As of commit 0618bb5 with merge base 34e4205 ():
💚 Looks good so far! There are no failures yet. 💚

This comment was automatically generated by Dr. CI and updates every 15 minutes.

alanhdu · 2024-09-09T21:57:36Z

/easycla

Skylion007 · 2024-09-10T13:47:23Z

Do we have an issue filed with fsspec, they would probably look into a fix for this (but this is a great temp workaround). If so, please link the issue in the comment.

Skylion007

Left some comments.

Skylion007 · 2024-09-10T13:48:05Z

torch/distributed/checkpoint/_fsspec_filesystem.py

Technically should use 'os.fspath' instead of str but should only matter for more exotic PathLike objects.

You could also merge both these with statements into one if you wanted to reduce indentation.

Skylion007 · 2024-09-10T13:49:29Z

torch/distributed/checkpoint/_fsspec_filesystem.py

Does this actually solve the problem or does it need to be a deep copy?

Not sure a shallow copy would be safe depending on how transactions are implemented on the backend for the specific fsspec endpoint.

On second thought, I think this is likely safe only if the file system wasn't already in transaction from a 3rd party lib etc.

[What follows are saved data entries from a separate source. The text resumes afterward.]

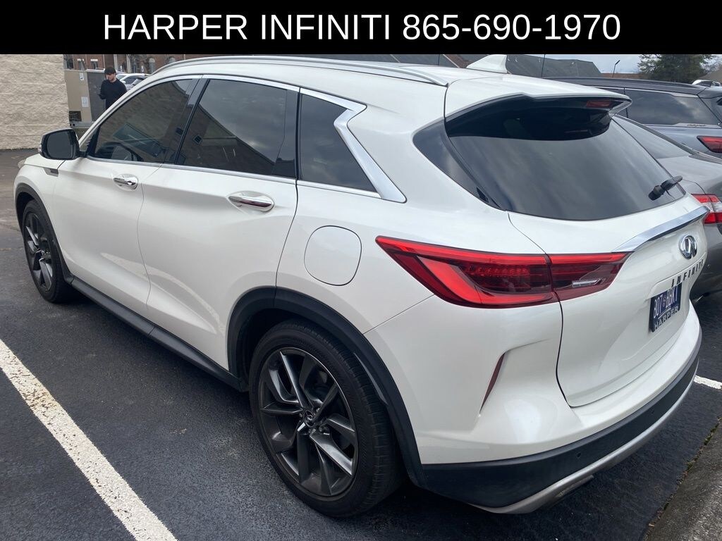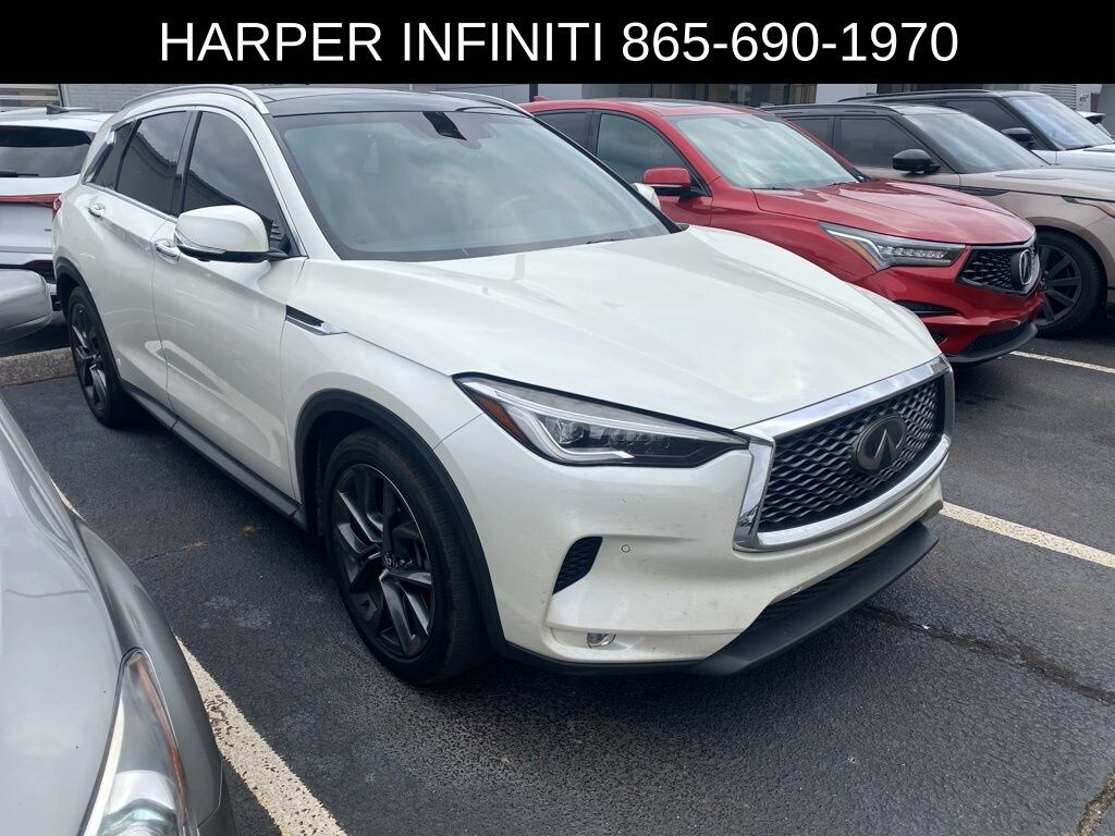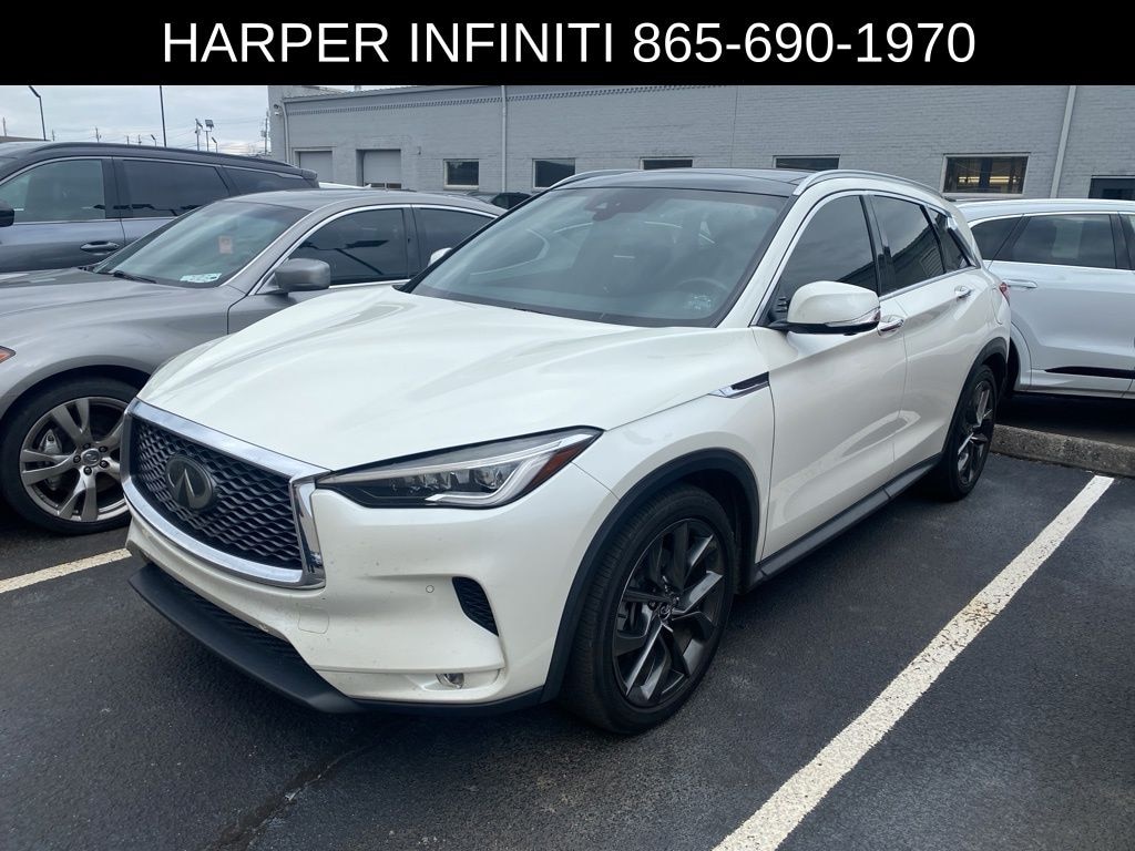 Harper INFINITI is excited to offer this good-looking 2019 INFINITI QX50 in Majestic White HARPER INFINITI believes in the quality of the vehicles we sell so well that we provide an UNLIMITED MILES, POWERTRAIN WARRANTY on every new and qualifying pre-owned vehicle it sells!!! This warranty is good at any ASE certified shop in the 48 continental United States!! Check out all these great options ProASSIST Package (Back-Up Collision Intervention (BCI), Distance Control Assist, Intelligent Cruise Control, and Rear Cross Traffic Alert), Sensory Package (2-Way Passenger Power Lumbar, Adaptive Front Lighting System, Advanced Climate Control System, Bose 16-Speaker Premium Audio System, Climate Controlled Seats, Extended Interior Ambient Lighting, Headlamps (LED High/Low Beam), Heated Front Seats, Heated Steering Wheel, Memory Seats, Motion Activated Liftgate, Natural Maple Wood Interior Trim, Power Tilt & Telescopic Steering Wheel, Rear Side Window Sunshades, Reverse Synchronization Mirrors, Semi-Aniline Leather Appointed Seating, and Wheels: 20" x 8.5J Dark Tinted Aluminum Alloy), 4-Wheel Disc Brakes, 5.846 Axle Ratio, 6 Speakers, ABS brakes, Activation Disclaimer, Air Conditioning, Alloy wheels, AM/FM radio: SiriusXM, AM/FM/CD Audio System, Anti-whiplash front head restraints, Auto-dimming Rear-View mirror, Automatic temperature control, Brake assist, Bumpers: body-color, CD player, Delay-off headlights, Driver door bin, Driver vanity mirror, Dual front impact airbags, Dual front side impact airbags, Electronic Stability Control, Emergency communication system: INFINITI Connection, Exterior Parking Camera Rear, Floor Mats, Four wheel independent suspension, Front anti-roll bar, Front Bucket Seats, Front Center Armrest, Front dual zone A/C, Front fog lights, Front reading lights, Garage door transmitter: HomeLink, Heated door mirrors, Illuminated entry, Knee airbag, Leather Shift Knob, Literature Kit, Low tire pressure warning, Navigation system: INFINITI InTouch Navigation, Occupant sensing airbag, Outside temperature display, Overhead airbag, Overhead console, Panic alarm, Passenger door bin, Passenger vanity mirror, Power door mirrors, Power driver seat, Power Liftgate, Power moonroof, Power passenger seat, Power steering, Power windows, Radio data system, Rain sensing wipers, Rear air conditioning, Rear anti-roll bar, Rear reading lights, Rear seat center armrest, Rear window defroster, Rear window wiper, Remote keyless entry, Roof rack: rails only, Security system, Speed control, Speed-sensing steering, Speed-Sensitive Wipers, Split folding rear seat, Spoiler, Standard Leather Seat Trim, Steering wheel mounted audio controls, Tachometer, Telescoping steering wheel, Tilt steering wheel, Traction control, Trip computer, Turn signal indicator mirrors, Variably intermittent wipers, and Wheels: 19" x 7.5J Silver Painted Aluminum Alloy.
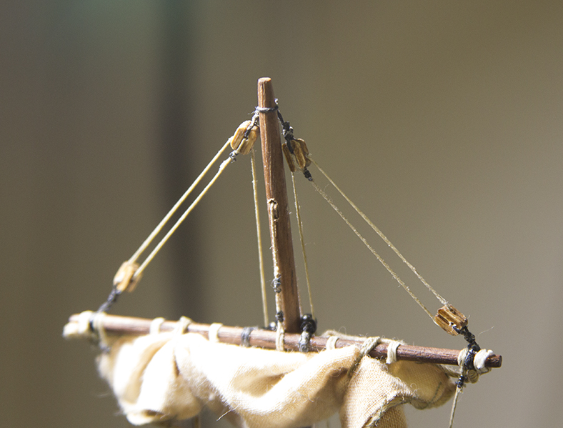 The tacks (running to the fore) and the sheets (running to the aft) were attached to the cringles (corner of the sail) using toggles. There is some contradiction in Pastor’s book whether they were attached using blocks or toggles – but as I liked the look of the toggles and wanted to remain consistent, I went with them.
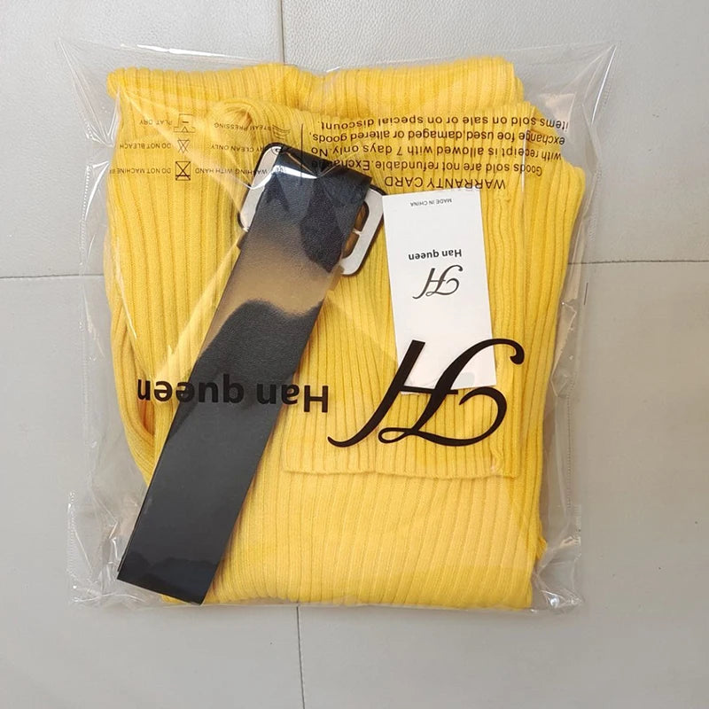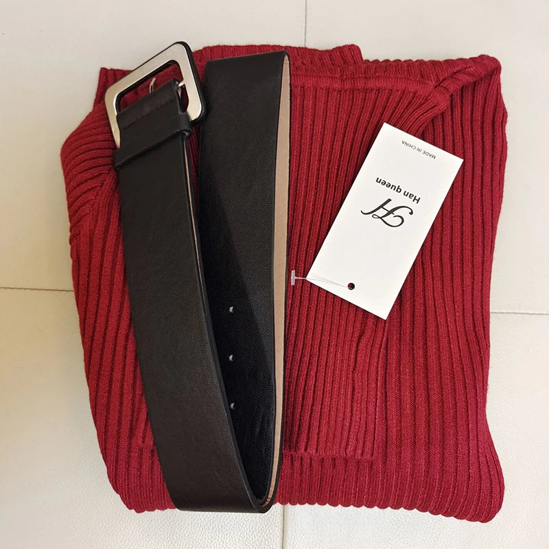 Knitted Turtleneck Bodycon Dress - Soft Elastic Midi Party Dress with Belt for Women
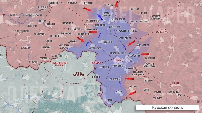 Есть продвижение на юге Суджанского района у реки Псёл - к Куриловке и Гуево.
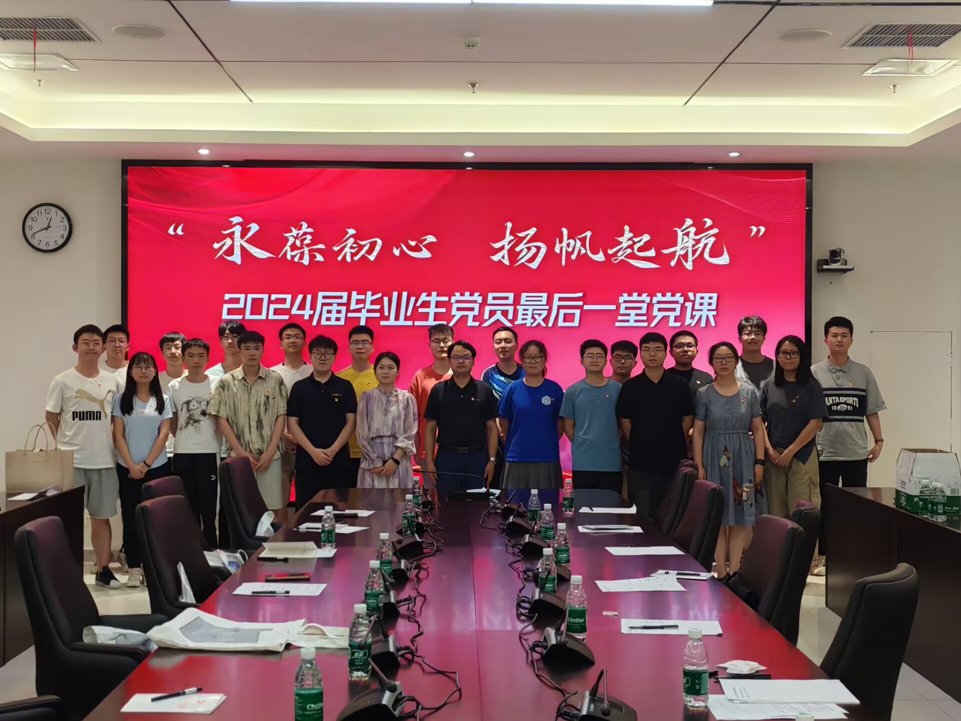 以“永葆初心 扬帆起航”为主题,通过志愿服务、党课交流座谈、过政治生日等形式开展毕业生最后一堂党课,学院党委副书记陈武、党支部书记以及学院毕业生党员代表参加。
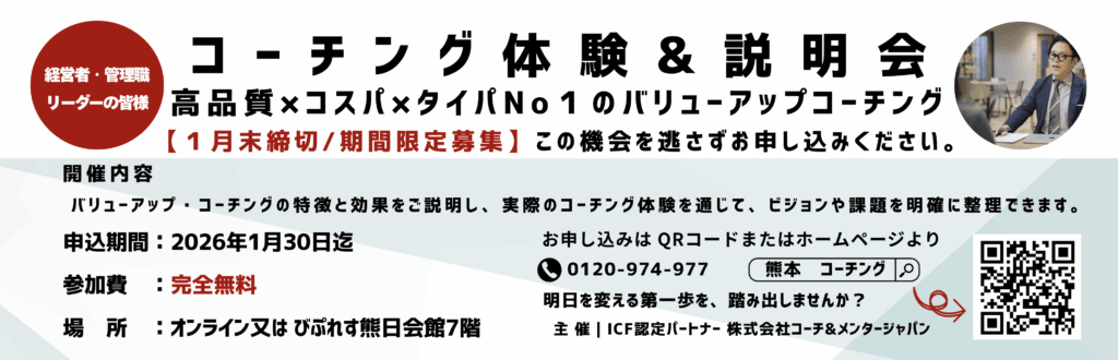 経営者・管理職・リーダーの皆様へ。 あなた自身を変える、この機会を逃さないでください。
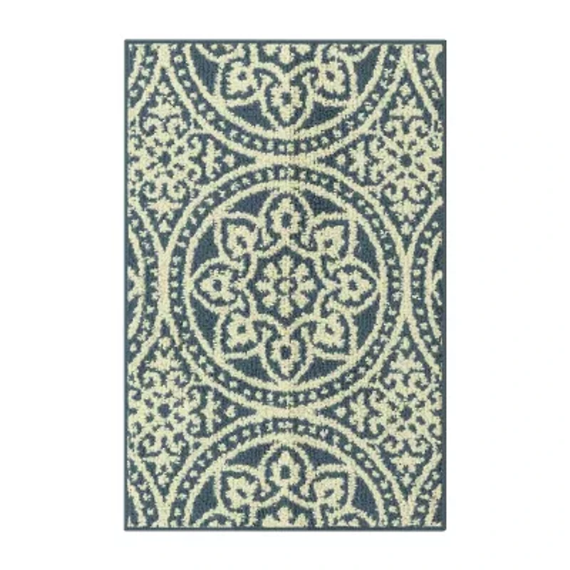 Maples Circle Medallion Blue Indoor Rectangular Accent Rug
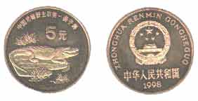 - 正面图案为国名、国徽、年号,背面图案则是扬子鳄、面值
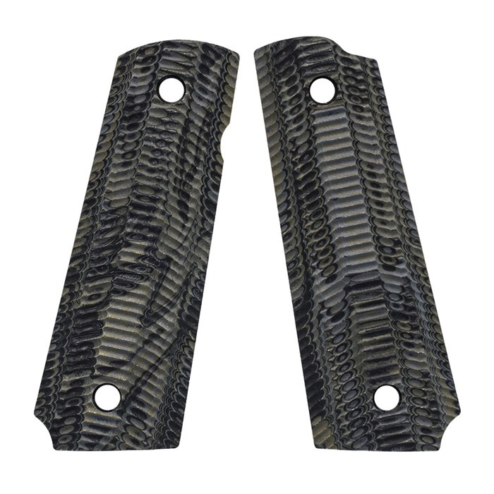 Inspired by the original Gator Back VZ 1911 Alien® grips were originally designed for the Precision Weapons Section of the U.S. Marine Corps, but quickly became a favorite as soon as they were offered to retail customers. These grips offer a great blend of form and function, proving a decent amount of bite without being too harsh while looking good on modern and classic 1911s alike. Great for concealed carry, target practice, or even safe queens. Designed to fit all of the most popular full-size (Government or Commander) 1911 models from Colt®, Springfield Armory®, Kimber®, Rock Island Armory®, Dan Wesson Firearms®, and many more. Cut for ambidxtrous safeties Frame: Full Size 1911 Weight: 2.19oz - 62.0g (approximate) Material: G-10 or Micarta Aggressiveness: 2 out of 5
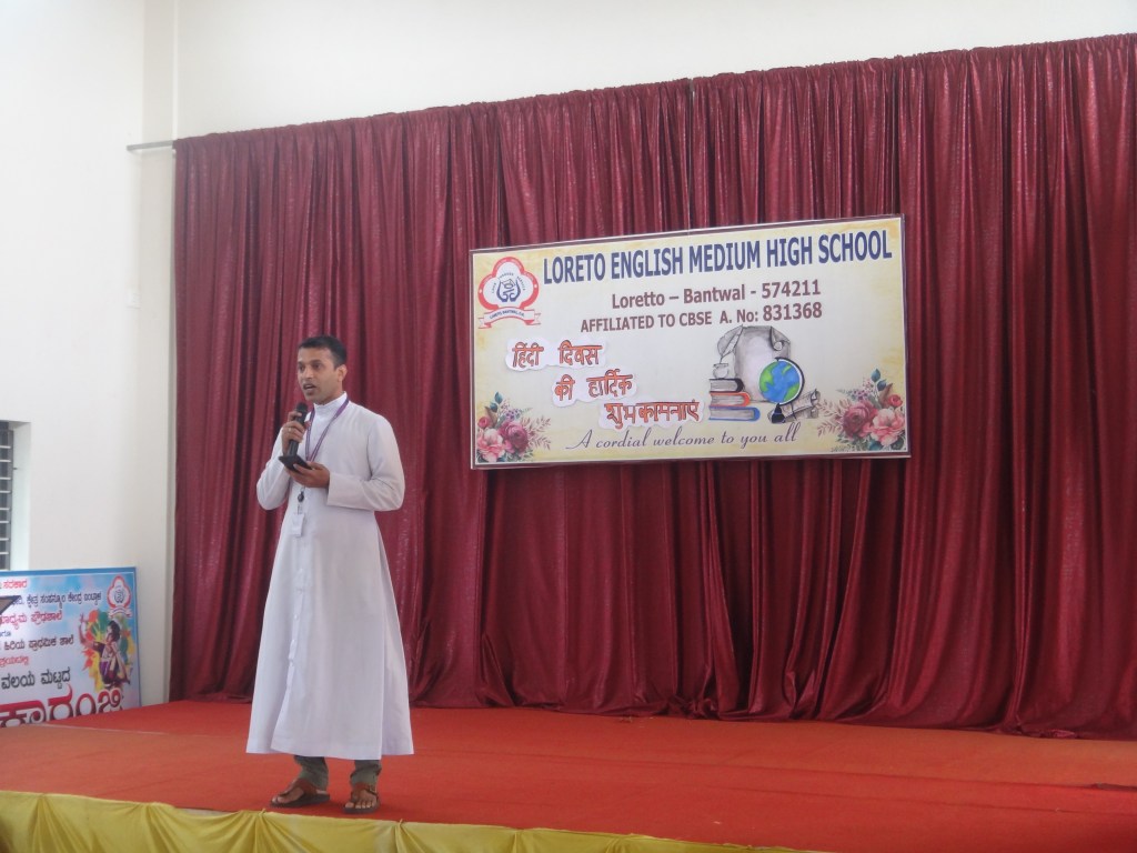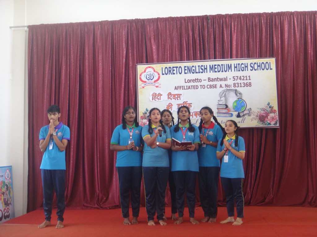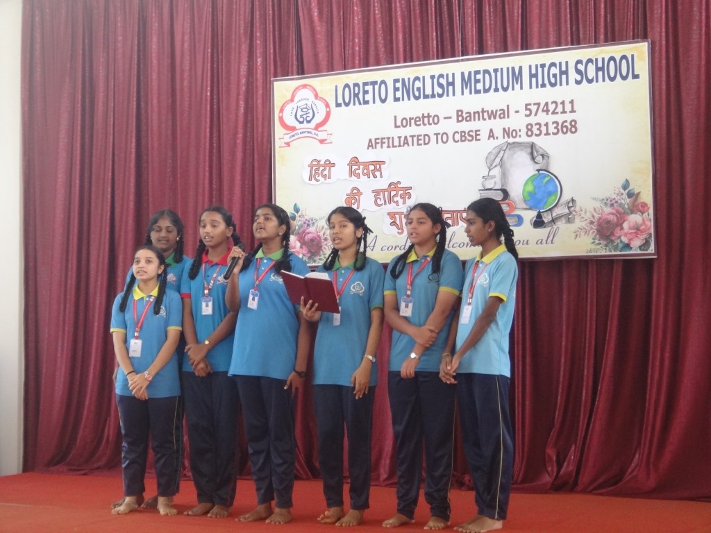 On September 14th,2024, Loreto English Medium High School celebrated “Hindi Diwas” with great enthusiasm and respect for the national language. The event commenced with the special assembly. Aditya Gupta of grade V delivered an inspiring speech. The students of Grade X set the tone of the event with melodious in the song. The Hindi club students performed skit. The girls from grade VI and VII presented a colourful and energetic dance performance. Our School Principal Rev. Fr. Jason Vijay Monis delivered an inspiring message emphasized the importance of Hindi Diwas is celebrating India’s rich linguistic heritage, promoting pride in the Hindi language, fostering national unity and preserving are cultural identity. He instructed the students to learn more language for the betterment of the future and appriciated the students for their hardwork. The entire program was expertly anchored and delivered vote of thanks by Dale Alba Lobo from grade VII.
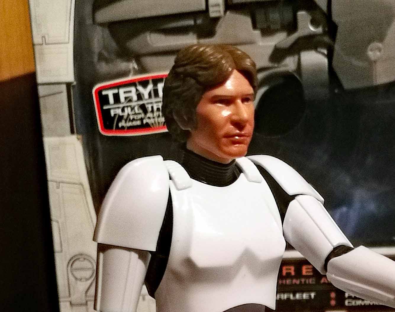 Han Solo im Stormtrooper Kostüm ist einer der Modelle, welche ich mir schon seit Jahren gewünscht habe. Jetzt ist er neben Luke zu haben. Das Gesicht ist schon von Bandai vor bemalt worden. Jetzt muss nur noch der Plastik Look der Haare weg. Mehr würde ich hier jetzt nichts machen. Für später könnte ich mir noch eine schöne Base in einem Imperialen-Kontrollraum vorstellen. Das wird dann allerdings ein neues Projekt.

We could add an assert on that boolean, but that wouldn't fully protect from the race condition.

Actually, yeah reading the above comment this copy seems fine as it's only a race on the same stream.

Skylion007 · 2024-09-10T13:53:13Z

Looks like fixing the typing in this file also allowed flake8 and ruff to properly parse the types and find a few import issues.

fegin · 2024-09-10T15:34:31Z

@pradeepfn Please take a look at this PR.

alanhdu · 2024-09-10T16:55:11Z

@Skylion007 : re the copy, I've updated the implementation to be (hopefully) a little less dependent on the exact implementation -- here, we directly use fs._open and handle the commit + rollback manually. This relies on a private part of the interface (AbstractFileSystem._open), but that might be better than relying on the internal details of how transactions are implemented wrt copy?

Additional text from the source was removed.